Development of the HD-HI.
Test-retest reliability and internal consistency of final HD-HI subscales
Patient assessment with cognitive interviews
The fifteen participants in Group 2 provided feedback on the ease of completion and clarity of the instrument. One question was reworded based on participant feedback: “daytime somnolence” was changed to “daytime sleepiness” to increase participant understanding of the question.
Overall, participants provided positive feedback and stated that the content of the instrument was highly relevant and represented the symptoms that most affected their lives. Participants stated that the instructions were clear and that the survey was easy to complete. They also reported that there were “just the right number” of questions and that it was “pretty easy” to understand and complete. When asked to identify the theme represented by each subscale, correct answers were provided, and participants reported that there were adequate response choices to describe their symptoms. On average, the reported time to complete the instrument was 22 minutes on paper and 17 minutes in the online format among participants who anticipated being later interviewed regarding their experience with the instrument.
Test-retest reliability
Twenty-five participants (Group 3) completed the HD-HI three times over a 1-month period with an average of 16.6 days between each administration. No participants achieved a maximum score on the HD-HI (ceiling effect) or minimum score (floor effect) on the HD-HI. No questions or subscales were removed due to a low reliability. Table 2 lists the ICC values for each of the HD-HI subscales. There was a high level of reliability when comparing responses from participants who completed the paper version of the HD-HI compared to their responses to the online version of the HD-HI (paper vs. online).
Known groups validity
Data from 201 participants (Group 4) was utilized for known groups analysis. There were significant differences in HD-HI total and selected subscale scores between cohorts of HD participants suspected to have different levels of disease burden. Specifically, higher HD-HI scores were found in HD participant groups with manifest HD, low TFC (total functional capacity score 2–10), and no employment (Table 3A, 3B; Supplementary Table 1A, 1B). Most notably, the largest difference in mean HD-HI total score was present between high and low TFC participants (p < 0.0001), followed by prodromal versus manifest HD participants, and employed versus unemployed (both p < 0.0001). Participants who require assistive devices (non-ambulatory) had greater mean HD-HI total scores (p < 0.01) in addition, individuals with manifest HD and high TFC scores (11-13) had greater HD-HI total scores than prodromal individuals (p < 0.01). There were no significant differences in mean HD-HI total scores across sex, education level, or age. Figure 2 outlines the association between individual TFC scores and HD-HI total scores across our sample. Figure 3 provides an area-under-the-curve (AUC) analyses of the discriminatory power of the HD-HI total score using TFC scores. Figure 4 plots HD-HI total scores versus estimated striatal dysfunction based on age and CAG repeat number (Age*(CAG –35.5)) [11].
Known Group Validity of the HD-HI
Known Group Validity of the HD-HI
Average HD-HI subscale, short form, and total scores were compared across known groups of HD patients assumed to have different disease severities.

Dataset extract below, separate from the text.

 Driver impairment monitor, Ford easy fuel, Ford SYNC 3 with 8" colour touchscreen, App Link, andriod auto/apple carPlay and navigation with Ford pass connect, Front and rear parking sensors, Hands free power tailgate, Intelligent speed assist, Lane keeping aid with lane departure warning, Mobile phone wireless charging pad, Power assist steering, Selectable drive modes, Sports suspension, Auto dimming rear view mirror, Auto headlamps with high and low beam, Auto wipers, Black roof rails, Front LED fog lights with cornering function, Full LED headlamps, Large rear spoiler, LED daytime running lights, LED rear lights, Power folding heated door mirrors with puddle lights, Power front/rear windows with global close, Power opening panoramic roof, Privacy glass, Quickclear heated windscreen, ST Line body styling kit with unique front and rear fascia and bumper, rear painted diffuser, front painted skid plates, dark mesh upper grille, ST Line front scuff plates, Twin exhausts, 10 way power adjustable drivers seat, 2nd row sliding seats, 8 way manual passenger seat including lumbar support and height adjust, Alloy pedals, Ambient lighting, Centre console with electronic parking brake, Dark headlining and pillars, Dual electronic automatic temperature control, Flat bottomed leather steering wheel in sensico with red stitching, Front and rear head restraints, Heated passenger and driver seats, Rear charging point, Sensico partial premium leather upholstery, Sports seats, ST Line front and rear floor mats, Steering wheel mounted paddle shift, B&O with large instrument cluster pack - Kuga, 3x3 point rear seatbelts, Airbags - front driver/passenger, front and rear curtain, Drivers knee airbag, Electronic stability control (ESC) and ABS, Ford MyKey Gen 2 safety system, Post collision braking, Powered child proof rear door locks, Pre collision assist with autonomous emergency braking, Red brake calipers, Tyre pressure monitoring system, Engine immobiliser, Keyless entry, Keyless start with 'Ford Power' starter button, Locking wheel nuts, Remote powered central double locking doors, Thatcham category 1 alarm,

HD-HI total score association with TFC scores.

An area under the curve Analysis of the HD-HI total score versus TFC groups (2–10 vs. 11–13).

Relationship of HD-HI total score to estimates of striatal dysfunction based on age and CAG repeat numbers.

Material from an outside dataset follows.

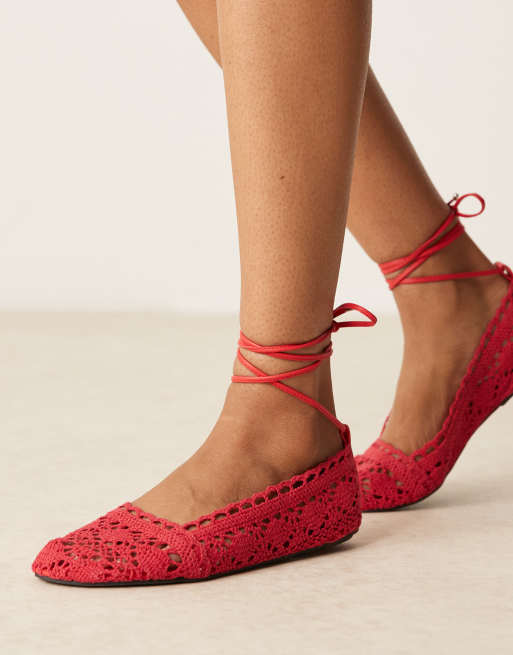 ASOS DESIGN - Larissa - Ballerines en maille crochetée avec lien à nouer au niveau de la cheville - Rouge

Final internal consistency of the HD-HI subscales
We initially grouped questions into subscales using face validity and subsequently used factor analysis to confirm that the questions in each subscale were statistically measuring a similar concept. Upon finalization of the HD-HI (after beta and reliability testing), the internal consistency of the final 13 subscales was analyzed. Subscales had a high internal consistency with an average Cronbach alpha of 0.92 and a range of 0.78 to 0.97. (Table 2).
DISCUSSION
The Huntington’s Disease Health Index is a multifactorial disease specific PROM developed using published FDA guidance and designed for use in HD therapeutic trials. Comprised of 13 subscales, the HD-HI measures how a patient feels and functions while assessing their perception of their total disease burden. In comparison to NeuroQol, the HD-HI is a disease specific instrument designed for and specifically validated using extensive input from HD participants [5]. In comparison to other outcome measures (such as the HDQLIFE and HDQOL), the HD-HI was specifically designed to measure clinical gains and/or disease progression during therapeutic trials, support FDA drug labeling claims, and quantify a patient’s perception of their total disease burden and their disease burden in 13 unique symptomatic areas identified as being highly relevant to individuals with HD [6, 7].

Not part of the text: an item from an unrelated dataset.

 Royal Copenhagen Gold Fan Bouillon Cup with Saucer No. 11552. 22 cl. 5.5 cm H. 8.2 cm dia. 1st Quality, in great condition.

The HD-HI, and other disease-specific PROMs like it [12–14], may have advantages over more generic instruments [15]. Disease-specific instruments have been shown to have reduced burden on participants, increased precision, and increased sensitivity to clinically significant changes [3, 4]. In addition, disease-specific instruments developed using our methodology are recommended by the NIH as a measure of disease burden, are preferred by patients, and have a higher correlation to functional state and disability status compared to generic and semi-generic patient reported outcome measures [15–17]. The FDA has identified PROMs as a useful tool to support drug labeling claims and has created specific guidelines for their development and implementation [18]. The methodology of the HD-HI’s creation was implemented to be compliant with these original guidelines and support the use of the HD-HI in clinical trials.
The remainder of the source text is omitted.